> _WORK INSTRUCTIONS_: Find the line below with "罫書くために少しだけカーペットを切りました。カッターで簡単に切れます。" and the line with "구글 애드센스의 주소지". Output exactly those lines and everything between them, leaving out the pictures.

> _DATA SHOWN_:
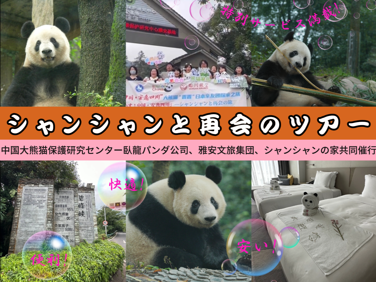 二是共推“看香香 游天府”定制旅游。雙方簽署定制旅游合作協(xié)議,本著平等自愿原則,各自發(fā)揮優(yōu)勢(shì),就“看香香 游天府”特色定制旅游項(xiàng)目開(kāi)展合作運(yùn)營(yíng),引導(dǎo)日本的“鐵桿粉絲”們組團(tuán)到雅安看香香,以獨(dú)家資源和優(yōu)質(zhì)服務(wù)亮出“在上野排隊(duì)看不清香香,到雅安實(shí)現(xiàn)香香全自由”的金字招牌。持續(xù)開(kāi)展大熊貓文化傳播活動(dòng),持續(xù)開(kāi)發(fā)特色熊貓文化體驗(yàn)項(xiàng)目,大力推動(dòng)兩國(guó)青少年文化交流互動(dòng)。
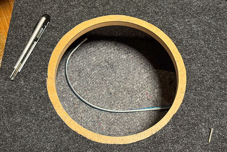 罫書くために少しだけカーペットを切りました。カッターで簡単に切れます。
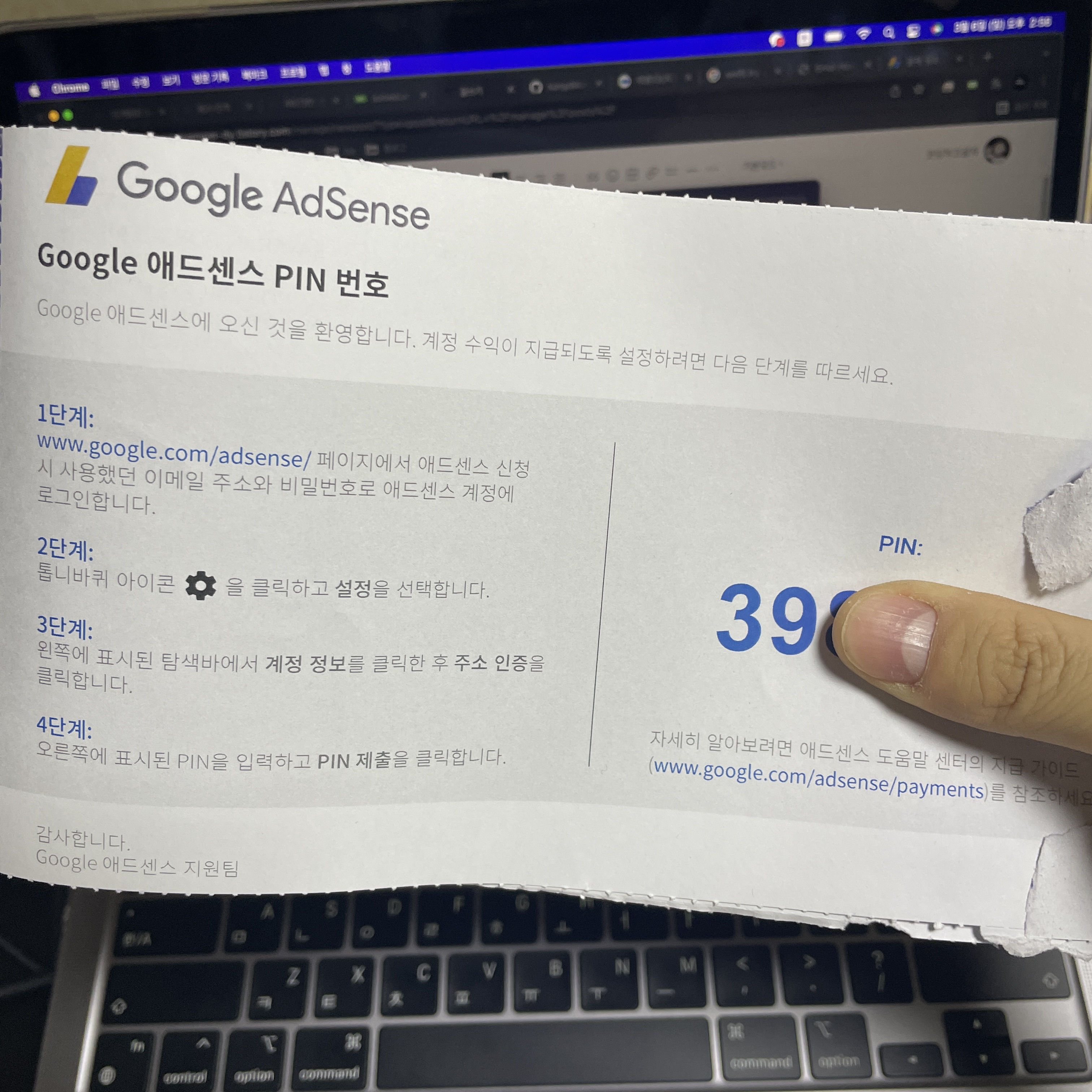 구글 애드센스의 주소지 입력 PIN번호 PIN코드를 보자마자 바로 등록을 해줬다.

* * *

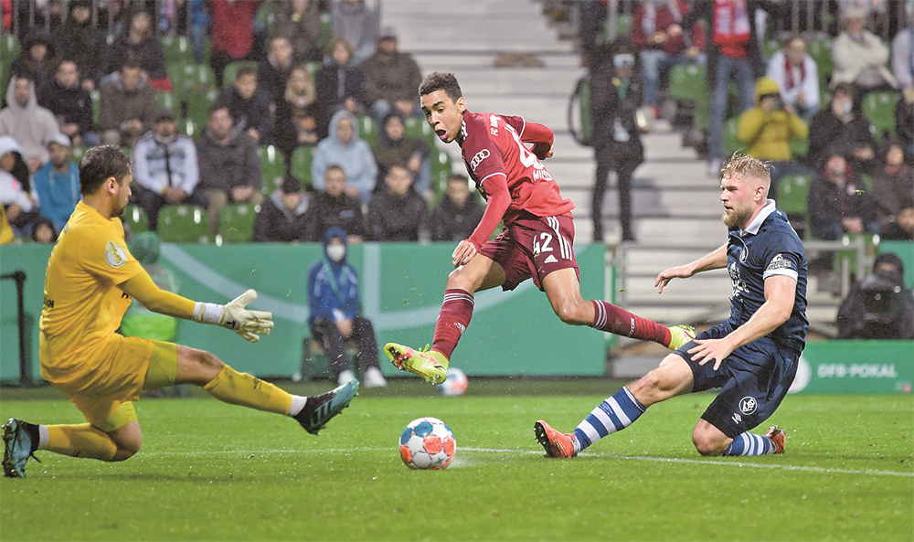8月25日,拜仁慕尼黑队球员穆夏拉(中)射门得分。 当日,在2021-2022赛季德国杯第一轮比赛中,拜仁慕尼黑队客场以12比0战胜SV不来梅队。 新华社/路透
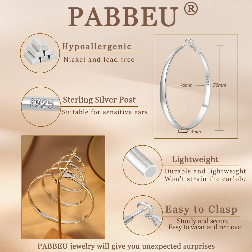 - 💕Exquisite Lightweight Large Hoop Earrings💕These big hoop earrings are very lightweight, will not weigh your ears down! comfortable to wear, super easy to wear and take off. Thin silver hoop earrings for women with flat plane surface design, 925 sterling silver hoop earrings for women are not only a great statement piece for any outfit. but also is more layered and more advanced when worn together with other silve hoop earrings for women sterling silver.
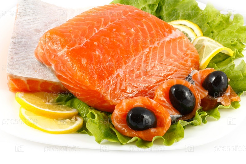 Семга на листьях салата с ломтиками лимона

> _SOLUTION_:
 罫書くために少しだけカーペットを切りました。カッターで簡単に切れます。
 구글 애드센스의 주소지 입력 PIN번호 PIN코드를 보자마자 바로 등록을 해줬다.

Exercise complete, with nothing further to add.